This article mainly introduces PDFBox to operate PDF documents such as creating PDF documents, loading PDF documents, adding blank pages, deleting pages, getting total pages, adding text content, and PDFBox coordinate system.
Directory
1. PDFBox component
1.1. What is PDFBox
1.2. Create PDF documents
1.3. Load PDF document
1.4. Add a blank page
1.5. Delete a page
1.6. Get the total number of pages in PDF
1.7. Add text content
(1) Write a single line of content
(2) Write multiple lines of content
1.8. Coordinate system in PDFBox
1. PDFBox component
1.1, what is PDFBox
PDFBox is a tool component specially provided by Apache for manipulating PDF documents. With PDFBox, it is very convenient to perform various operations on PDF documents, such as: creating PDF documents, reading PDF document content, loading PDF document content, and merging PDF documents , Splitting PDF documents, etc., using PDFBox requires the introduction of corresponding dependencies. This article is based on the following dependencies to introduce some common methods and usage methods in PDFBox.
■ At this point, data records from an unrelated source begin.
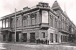 با توجه به کتیبهای موجود بر یکی از دیوارهای این ساختمان که بهطور مرحلهای بنا شده است، معلوم می گردد که، کارهای ساخت و ساز در سال ۱۸۹۵ در خیابانهای «قورچاکووسکایا» و «مرکوریوسکایا» شروع شدهاست. بنا به بعضی اطلاعات، پس از تکمیل ساخت بخش اول ساختمان، آن بخش در اختیار بانک «ولشکو- کامسکی» قرار داده شدهاست. مصالح ساختمانی مورد استفاده برای ساخت این بنا و همچنین تجهیزات، مبلمان، لوسترها و وسایل لازمه برای طراحی داخلی از روسیه و کشورهای اروپای غربی آورده شده بودند. برای زیبا بودن ساختمان تعمیرکاران و نقاشان حرفهای خارجی جهت حضور در ساخت آن دعوت شده بودند. گفته میشود که ۲۷۰ نفر به عنوان مهندس، معمار، نجار و غیره... در ساخت این کاخ کار میکردند.[4]
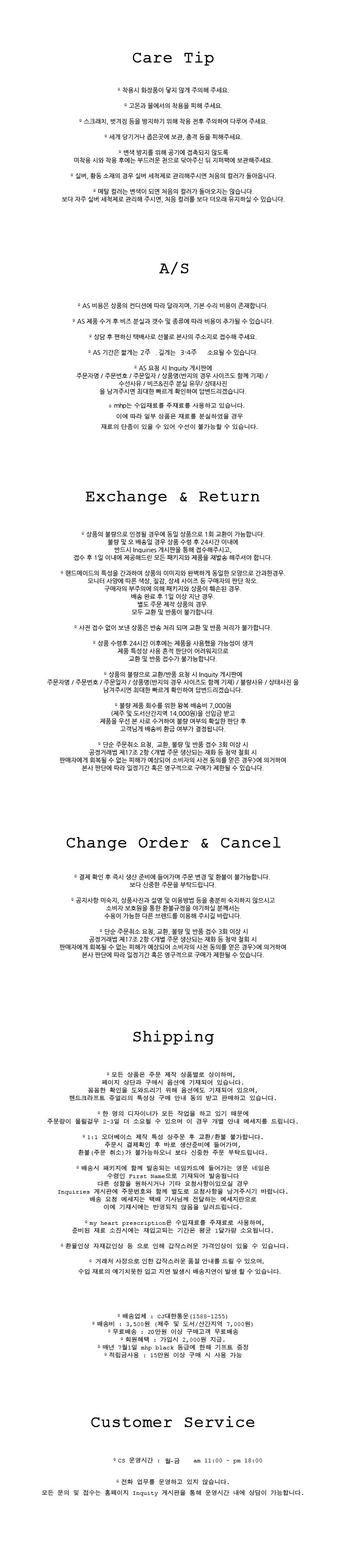 배송 및 브랜드 이용관련 자세한 사항은 Customer Service 게시글에서 확인이 가능합니다. 이 부분을 숙지하지 않으시고 발생하는 모든 불이익은 책임지지 않습니다.
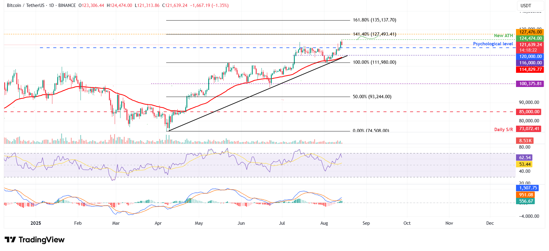 - يتداول سعر البيتكوين فيما دون 121,800 دولار يوم الخميس بعد أن وصل إلى قمة تاريخية بلغت 124,474 دولار في جلسة التداولات الآسيوية المبكرة.
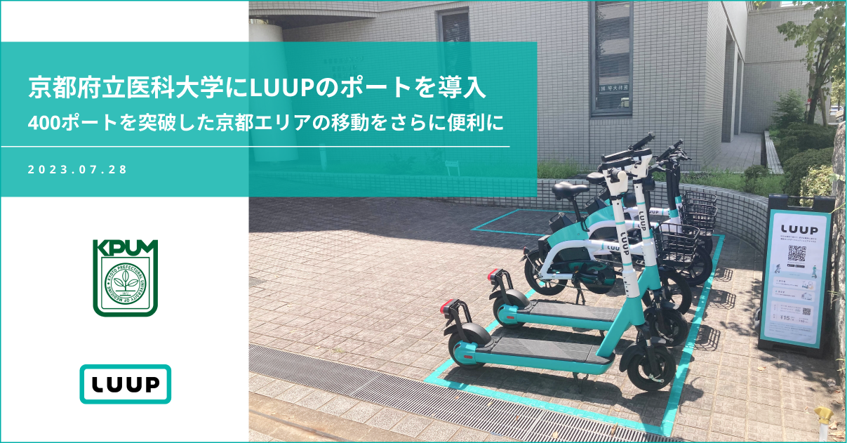 今回、京都府立医科大学へLUUPのポートを導入することで、学生の皆さまをはじめとする大学を利用する皆様、京都府立医科附属病院を訪れる皆様に周辺への短距離移動手段としてご利用いただき、キャンパス周辺の街の周遊性拡大および更なる活性化を目指します。
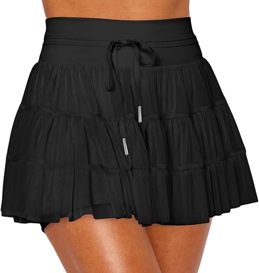Women's Low Waist Micro Mini Skorts Skirt with Built-in Shorts Sexy Stretch Black Skirts Basic Outfits Elastic Waist
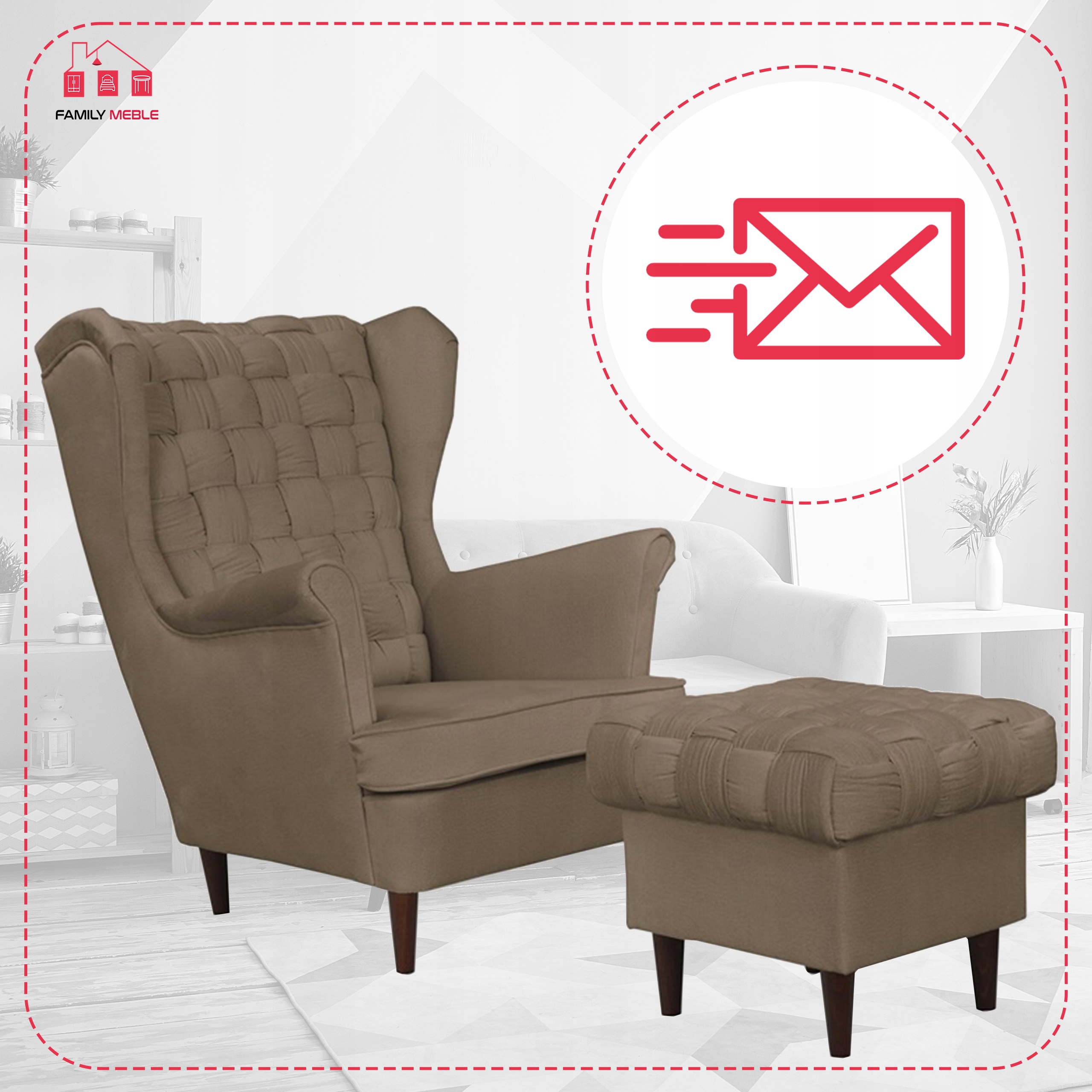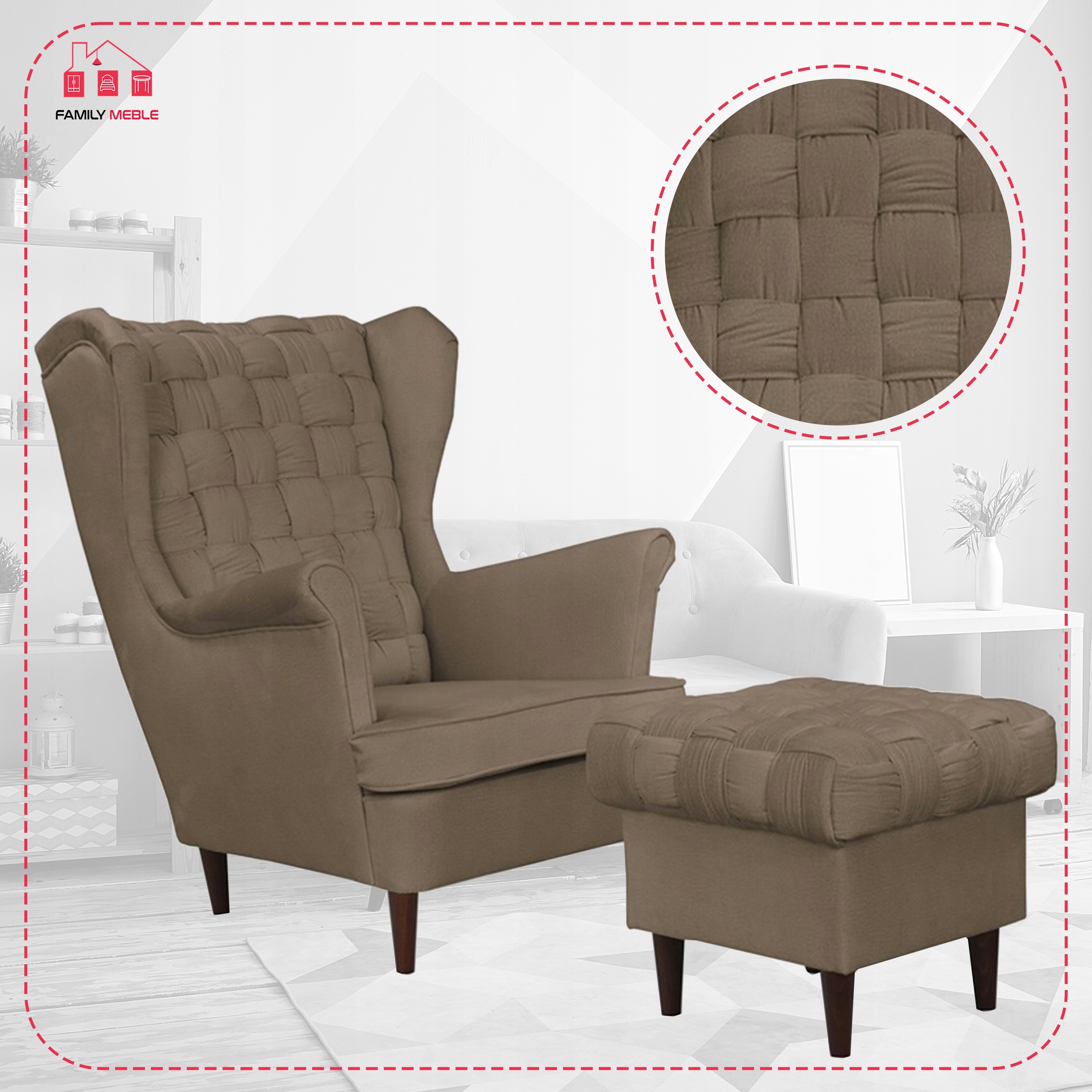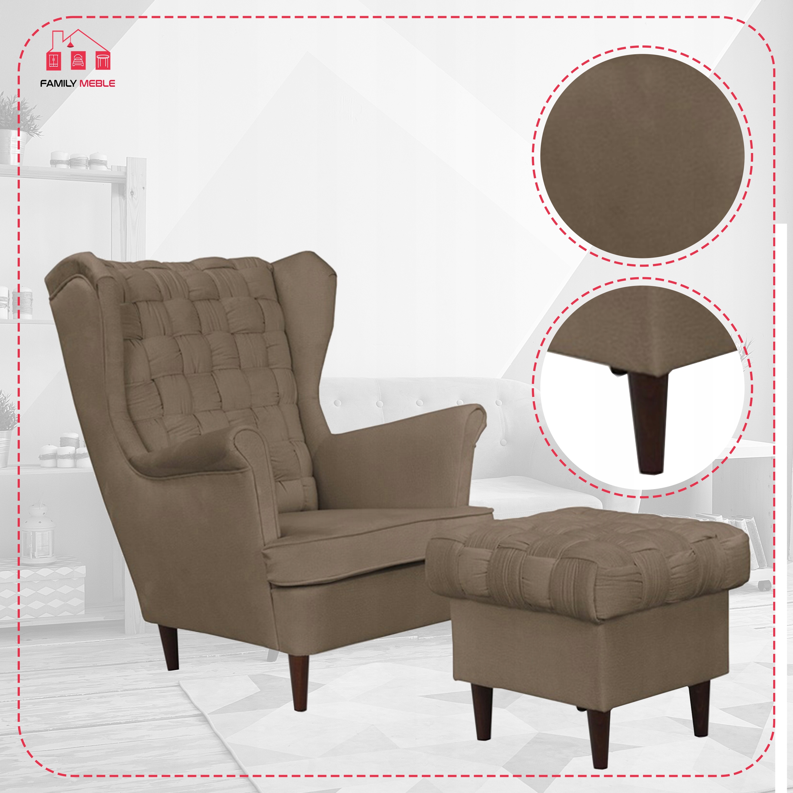 Fotel uszak z podnóżkiem skandynawski Carol Family Meble

PDFBox requires dependencies:
<dependencies> <!-- Import PDFBox-related dependencies start --> <dependency> <groupId>org.apache.pdfbox</groupId> <artifactId>pdfbox</artifactId> <version>2.0.29</version> </dependency> <dependency> <groupId>org.apache.pdfbox</groupId> <artifactId>fontbox</artifactId> <version>2.0.29</version> </dependency> <dependency> <groupId>org.apache.pdfbox</groupId> <artifactId>xmpbox</artifactId> <version>2.0.29</version> </dependency> <dependency> <groupId>org.apache.pdfbox</groupId> <artifactId>preflight</artifactId> <version>2.0.29</version> </dependency> <dependency> <groupId>org.apache.pdfbox</groupId> <artifactId>pdfbox-tools</artifactId> <version>2.0.29</version> </dependency> <dependency> <groupId>org.apache.pdfbox</groupId> <artifactId>jempbox</artifactId> <version>1.8.17</version> </dependency> <!-- Import PDFBox-related dependencies End --> </dependencies>
1.2, Create PDF document
pdf, the English full name is: Portable Document File, portable document file, also known as pdf document, a document contains multiple pages, and each page contains a lot of text, paragraphs, images and other content.
To create a PDF document, you only need to create a 【PDDocument】 object. This object represents the PDF document object. The PDF document created in this way does not contain any pages, so when you open this PDF, it will Prompt error.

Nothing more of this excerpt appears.